Q: A running operation generates warning "Operation has jobs that use less than F% of requested tmpfs size". What does it mean?

A: You request a tmpfs for jobs in the specification (you can view the warning attributes to find out which specific jobs) but are not using the entire file system (apart from certain thresholds). tmpfs size is included into the memory limit, which means that a job requests a lot of memory but does not use it in the end. First, this reduces actual memory utilization in your cluster. Second, large tmpfs requests may slow down job scheduling since it is much more likely that the cluster will have a slot with 1 GB of memory than one with 15 GB. You should order as much tmpfs as your jobs actually need. You can review warning attributes or look at the statistic for user_job/tmpfs_size to find out about actual use of tmpfs by jobs.

Q: When I lunch an operation, I get error "No online node can satisfy the resource demand". What do I do?

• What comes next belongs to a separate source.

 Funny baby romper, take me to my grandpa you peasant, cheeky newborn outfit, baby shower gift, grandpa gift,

A: The message is an indication that the cluster does not have a single suitable node to start the operation job. This normally happens in the following situations, for instance:

The operation has CPU or memory requirements so large that a single cluster node's resources are not sufficient. For example, if there is an order for 1 TB of memory and 1000 CPUs for a job, this operation will not run returning an error to the client since YTsaurus clusters do not have nodes with these properties.
This specifies a scheduling_tag_filter that none of the cluster nodes match.

Q: When I start a Merge, Reduce operation, I get error "Maximum allowed data weight violated for a sorted job: xxx > yyy"

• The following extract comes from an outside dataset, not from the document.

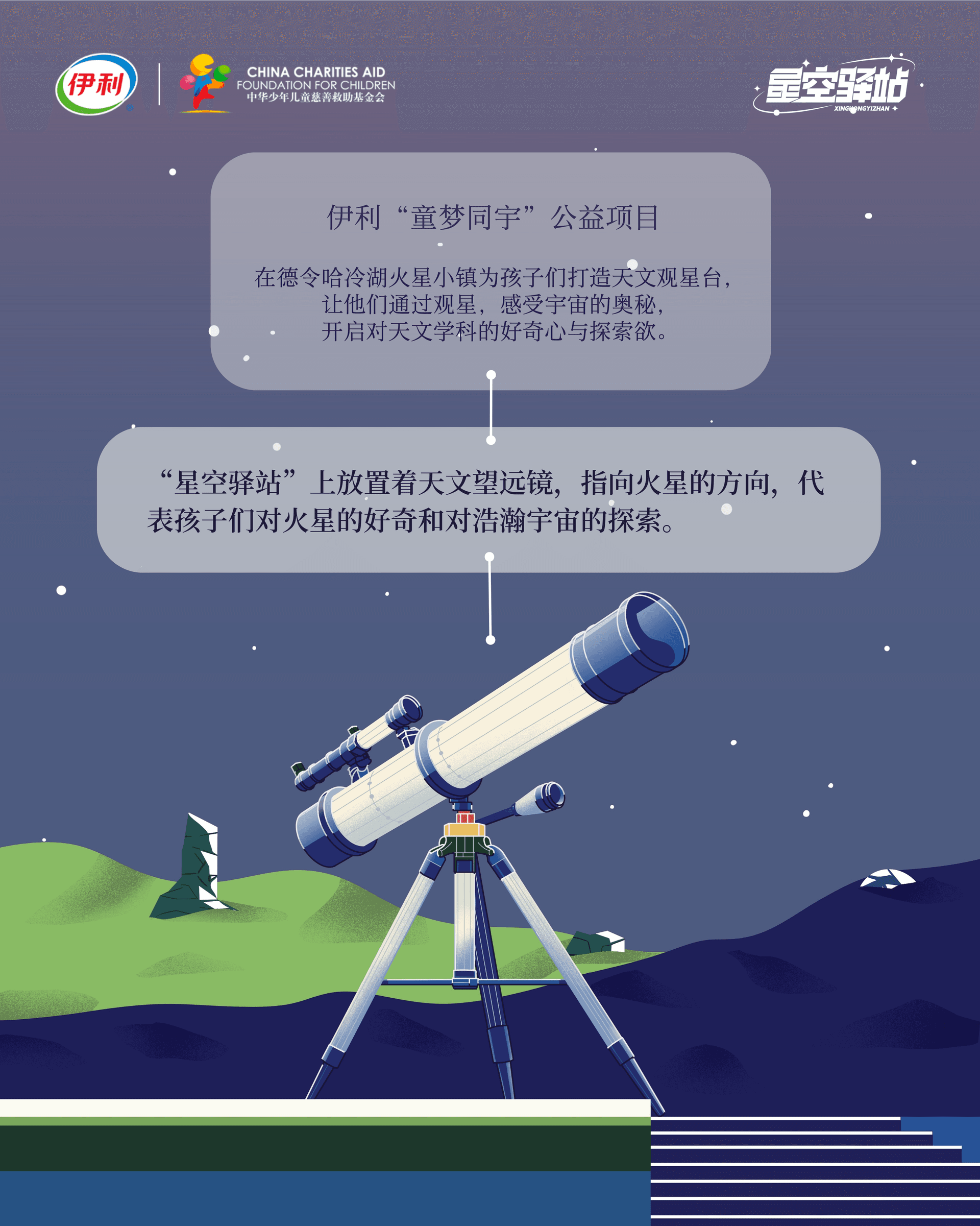 逐夢(mèng)星辰大海,叩問(wèn)浩瀚蒼穹。繼去年底伊利“童夢(mèng)同宇”為德令哈市11所學(xué)校的1000多名學(xué)生提供天文科普資源之后,此次伊利再次為該地打造“星空驛站”觀星地標(biāo)裝置,支持孩子們探索宇宙星空的夢(mèng)想?!靶强阵A站”的建設(shè),將吸引天文愛(ài)好者打卡冷湖小鎮(zhèn),與群星對(duì)話,感受宇宙奧秘。未來(lái),伊利也期待更多社會(huì)公益力量的加入,共同推動(dòng)青少年天文科普事業(yè)的進(jìn)步,為科技強(qiáng)國(guó)夢(mèng)的實(shí)現(xiàn)注入新的動(dòng)力。

A: When jobs are bing built, the scheduler estimates that one job is getting too much data (hundreds of gigabytes), and the scheduler is unable to make a smaller job. The following options are available:

When you are using Reduce, and the input table has a monster key meaning that a single row in the first table corresponds to a large number of rows in another, as a result of the Reduce guarantee, all rows with this key must go into a single job, and the job will run indefinitely. You should use MapReduce with the trivial mapper and the reduce combiner to pre-process monster keys.
There are very many input tables being fed to an operation (100 or more) because chunks at the range boundary are not being counted precisely. The general observation is that the more input tables the less efficient the use of sorted input. You may want to use MapReduce.
When using Merge, this error may result from suboptimal scheduler operation. You should contact the mailbox community@ytsaurus.tech.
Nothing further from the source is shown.